Additionally, Voicelink put an end to a nuisance Glidewell calls fishing. Because orders come in different sizes—anywhere from two items to 500 items—pickers working the paper orders stacked the smaller orders first. "They can appear to be a lot busier," he says. "With [Voicelink], they don’t know what they’re getting. It’s just the next order in line, and it’s automatically assigned to them." And because work gets done quicker, the warehouse closes several hours earlier, decreasing labor and utility costs.

In less than nine months, Glidewell achieved solid ROI. The company saved $89,752 on store credit issued for incomplete or inaccurate shipments. Increased worker productivity netted Glidewell $84,240 in labor savings. Glidewell found additional savings of $99,840 after cutting four order checkers’ positions, their jobs obsolete once order accuracy improved to 99.66 percent. The cumulative savings amounted to $273,832.
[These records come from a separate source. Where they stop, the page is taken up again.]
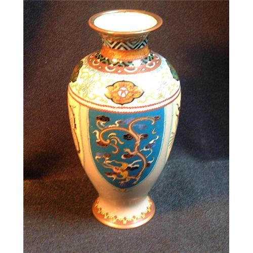 Antique, large Japanese cloisonne vase dating to Meiji period, 19th. century. The sides are decorated with 4 panels with intricate design. Size: 19x10 cm. (7.5" X 4"). Estimated retail value: $1500.
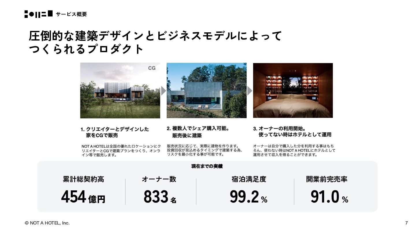 © NOT A HOTEL, Inc. サービス概要 7 圧倒的な建築デザインとビジネスモデルによって つくられるプロダクト 99.2%
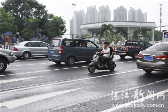 昨日上午九时许,记者在人民大道北与体育北路交汇处,看到两位没有戴头盔的小伙子骑着一辆电动车由南往北逆行穿梭在人民大道北的机动车道上(如图),迫使由北往南正常行驶的车辆纷纷减速,深怕发生意外,旁人看到都捏一把汗。
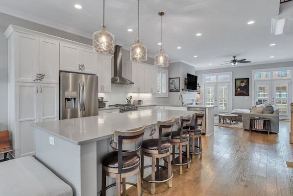 The kitchen itself boasts high-end stainless steel appliances and elegant quartz countertops, providing an optimal space to prepare delectable meals. Whether you opt for a intimate dinner at the kitchen island, or head out to one of Savannah's renowned restaurants, the options are endless.
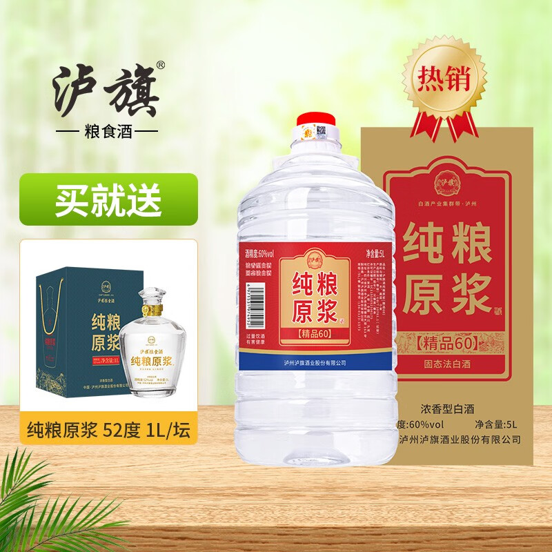 泸旗泸州红高粱酒 浓香型纯粮食白酒 可直饮高度桶装散酒泡酒 60度 5L 1桶 纯粮原浆【精品60】价格:199.00元!
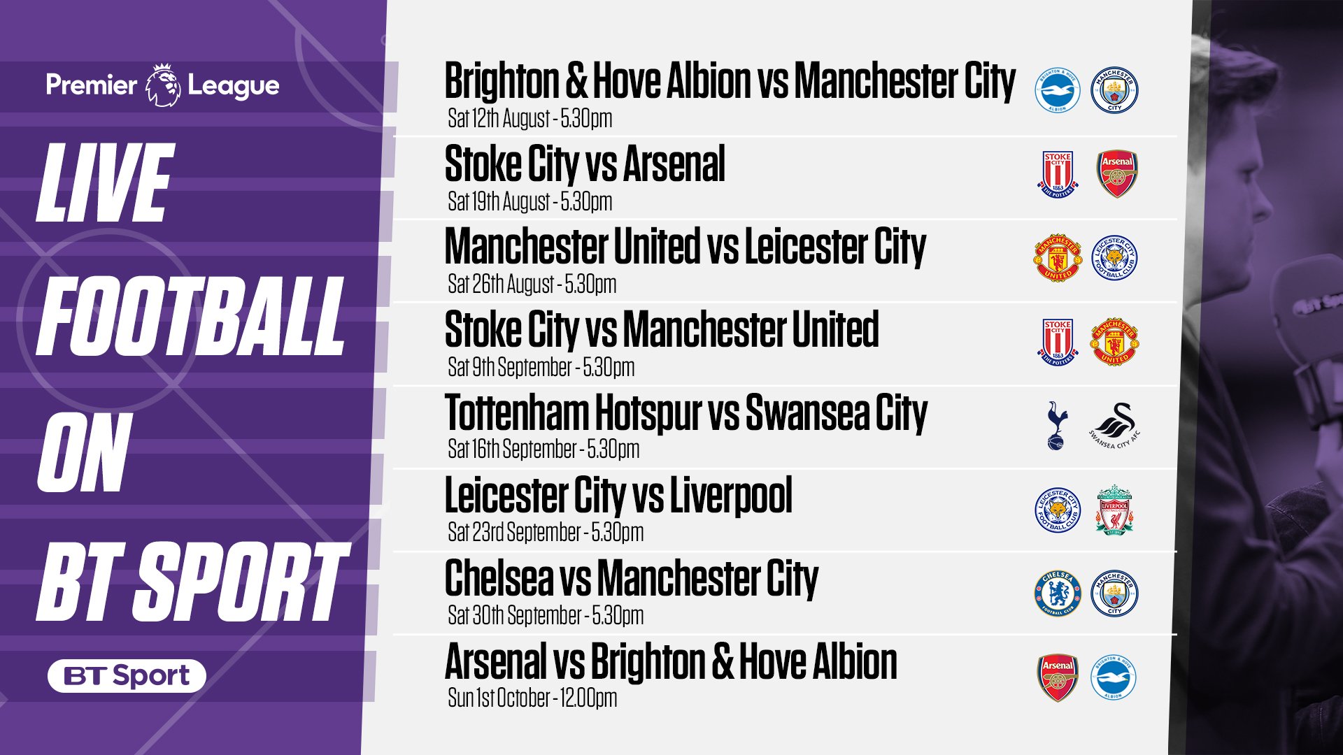Bt Sport On Twitter Live Tv Premier League Football Fixtures Our First Eight Televised Games Of The 2017 18 Premier League Season Huge Sides Huge Games Https T Co Kns54y4nm3 Twitter
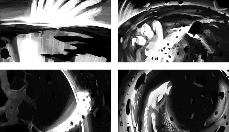 An oil team is preparing for “the historical drilling” – they want to drill deep to extract the last oil reserve from the earth. They hit something inside the earth, something alive. A general devastation begins. The earth shell cracks and a giant creature hatches out of the earth. A young space dragon is born. The planet is dead. The hollowed crust of the earth as pieces of egg shells is fading away. It is moving towards the sun...
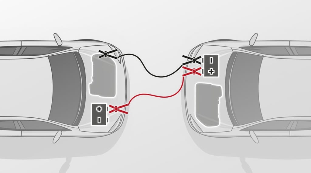 ➡️ Jak podłączyć i kable, aby odpalić samochód z rozładowanym akumulatorem od samochodu sprawnego:
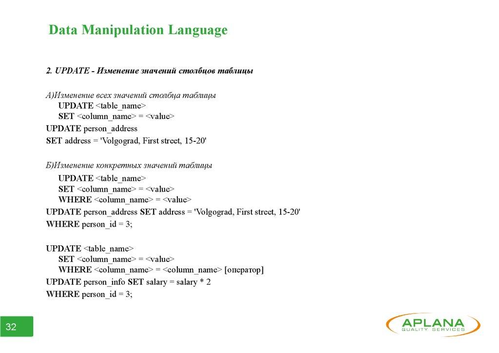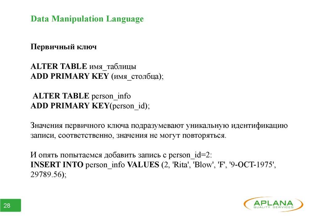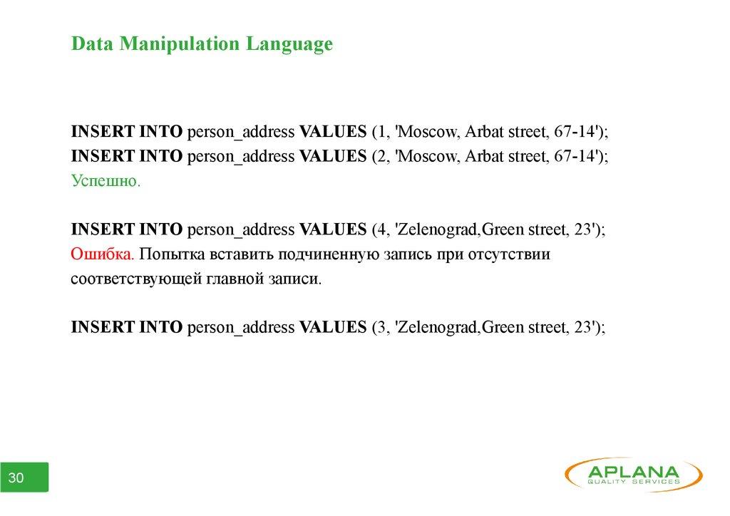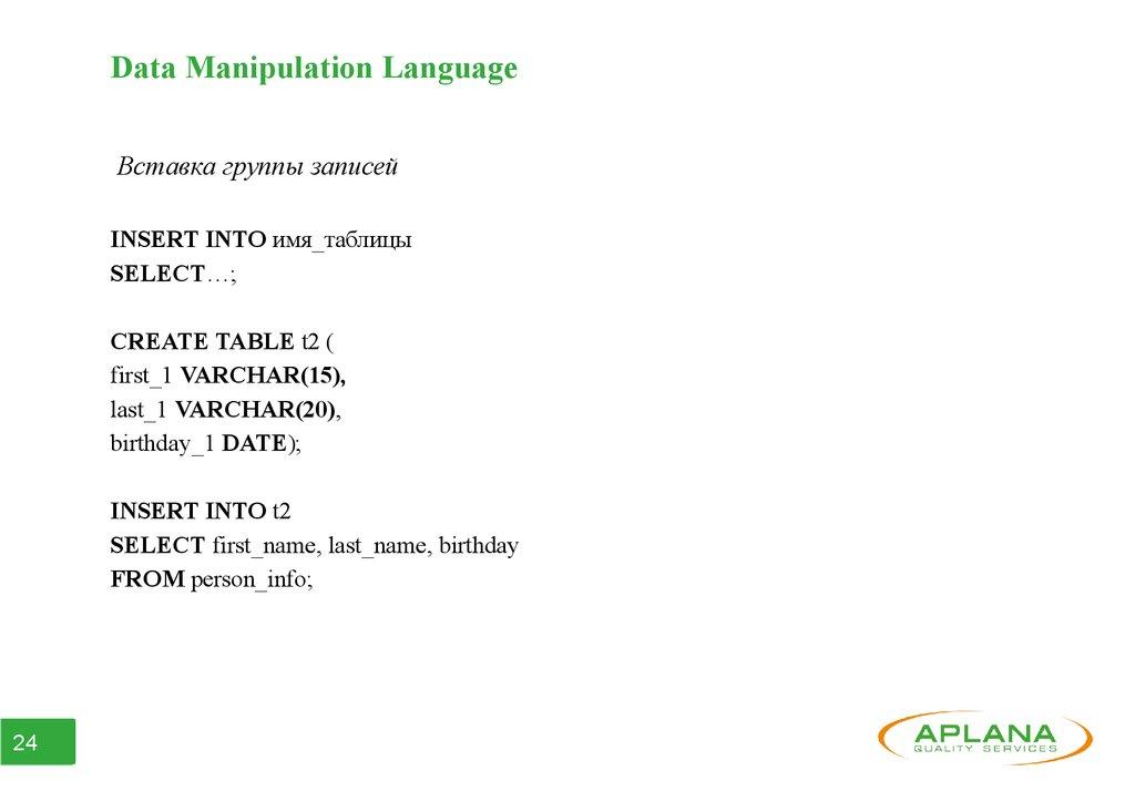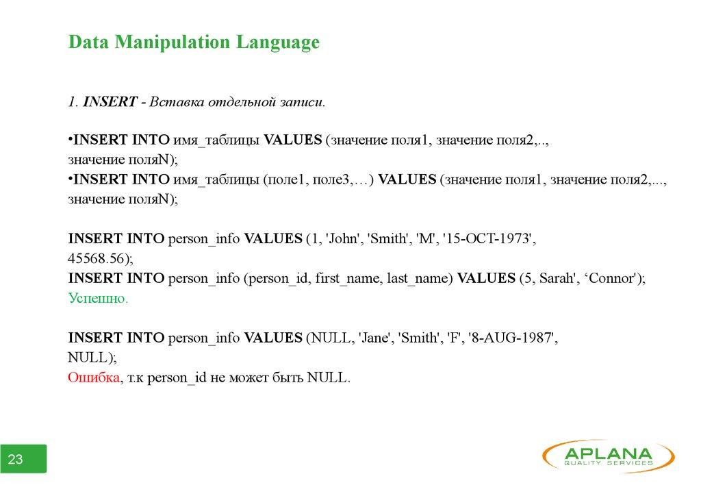 ● Часть 3. Data Manipulation Language
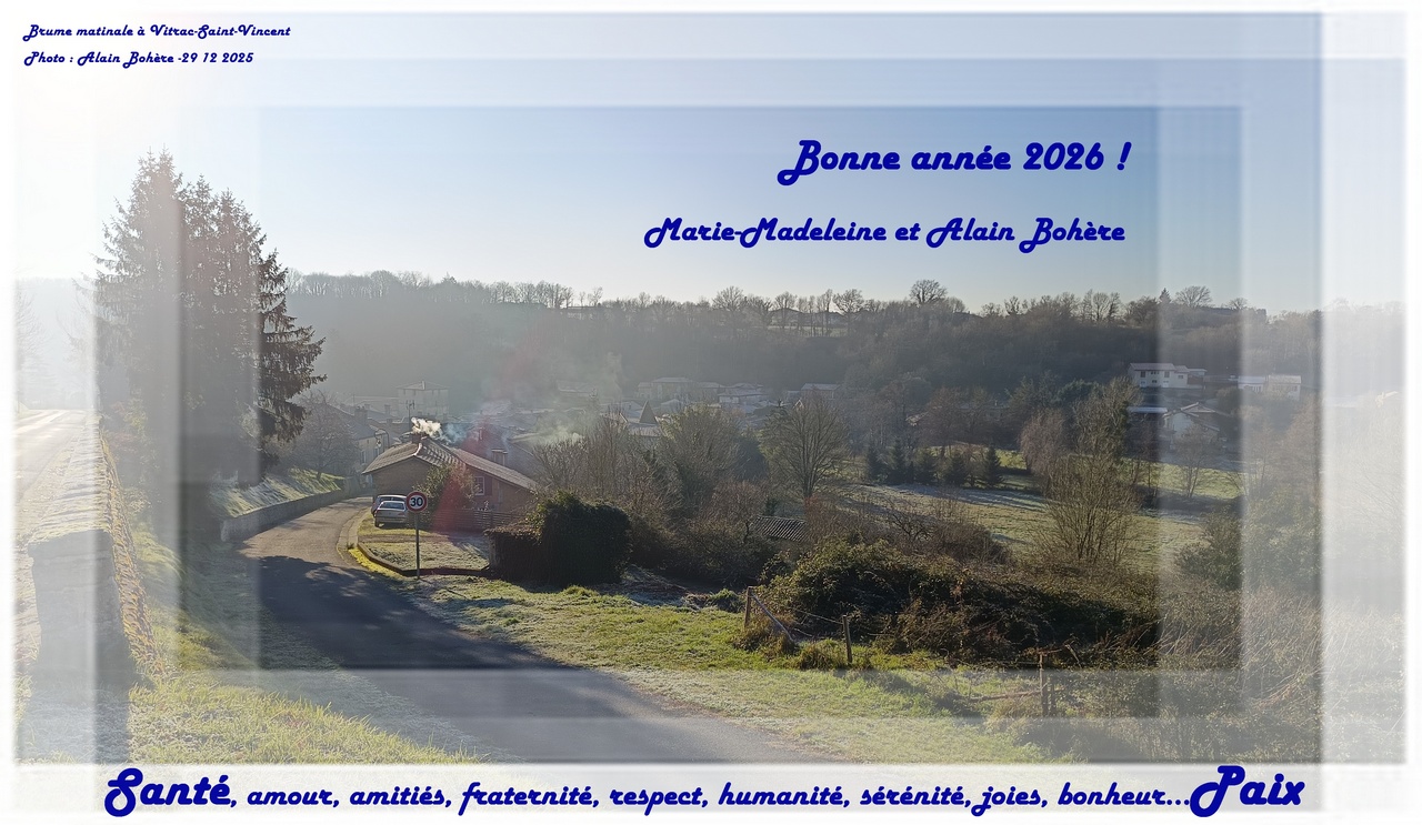 Ce site personnel est le résultat d'un collectage de documents et de rencontres au fil du temps qui passe. Vitrac-saint-Vincent, berceau familial où nous résidons depuis notre retraite, a une histoire riche, variée et attachante. C'est un joli village niché au fond d'une vallée verdoyante. Cet environnement, ses habitants, son école, sa vie associative, ses services en font un village bien éveillé où il fait bon vivre. Ce site se veut aussi le reflet de la vie et des événements qui jalonnent le quotidien de notre village mais aussi de ses voisins. Ce sont plus de cent dix pages que vous pouvez découvrir contenant plus de deux mille documents divers. Grands mercis à toutes celles et tous ceux qui nous font le plaisir de visiter ce site. Vitrac, février 2026 Alain Bohère (bohere.alain@orange.fr)

"One thing we do up front with all our customers is we look very closely at return on investment," says Larry Sweeney, co-founder and vice president of customer advocacy at Vocollect. "When it comes to something like a pilot or first installation, we use that as a benchmark to test. Once you achieve those numbers, which we always do, rolling out voice is easy."

Ultimately, the most challenging aspect of Glidewell’s integration of Voicelink was sociological, not technological. Workers were initially hesitant to adopt the system, which Glidewell believes might have simply been fear of the unknown. "I don’t want to share a headset," one worker announced. "What about germs?" Glidewell told him that everyone would have his own headset.

Reza recalls one particularly resistant woman: "Her specific words to me were, ‘I ain’t talkin’ to no machine.’" While most workers echoed that sentiment,  a few offered to test the system. Simply noticing the early adopters’ increased productivity and the system’s ease of use drained the hesitation of the more reluctant employees. When Reza returned to the site three months after Voicelink went live, he saw the formerly resistant woman operating a headset. "She wasn’t the happiest person when we had to take the voice system down for an hour while we did some software mods," he says.

The employees’ initial reaction was no surprise. When Glidewell began researching a voice solution, he consulted a competitor, Indian Nation Wholesale. Managers there told him the  speech solution had also been met with hesitation. "And we went through the exact same thing," Glidewell says.

"It’s just part of a process," Reza says. "Most of the issues we deal with tend to be things unrelated to the technology."       

Whereas in the 1990s the greatest hurdle was the technical inconsistency of speech recognition, this is not a problem today. The system requires a one-time, 30-minute session to train on each user’s voice. "We have found over the years that speaker-dependent technology is the only reliable technology right now in a noisy environment like a warehouse or manufacturing plant," Reza says.

Current speech technology is robust enough to withstand the noise and clatter of a warehouse environment. This resiliency makes particular sense considering the grocery industry was the first vertical to implement voice technology in distribution centers.

"One thing we found very challenging in the food area was the very cold temperatures in the freezer environment, which gets down to minus-30 degrees Fahrenheit," Sweeney says. "Then when you walk out on a shipping dock, it might be 80 degrees Fahrenheit and humid." The instant condensation on the belt console was easy for developers to work around. Condensation on the headset was not as easy. "All of a sudden," Sweeney says, "you’ve got water all over your microphone and speaker." He emphasizes that building an environmentally stable headset is essential for success in a warehouse. "It has to be waterproof and rugged," Sweeney says. "You have to be able to sit on it and still have it work when you get off of it."

Uptake of speech technologies in distribution centers has been "stunning," according to Sweeney. Besides order picking, voice can be used for replenishments, put-aways, and transfers, and Sweeney also anticipates a surge in retail and manufacturing. "Having voice start at the distribution world and watching it walk up and down the supply chain is very exciting for us," he says.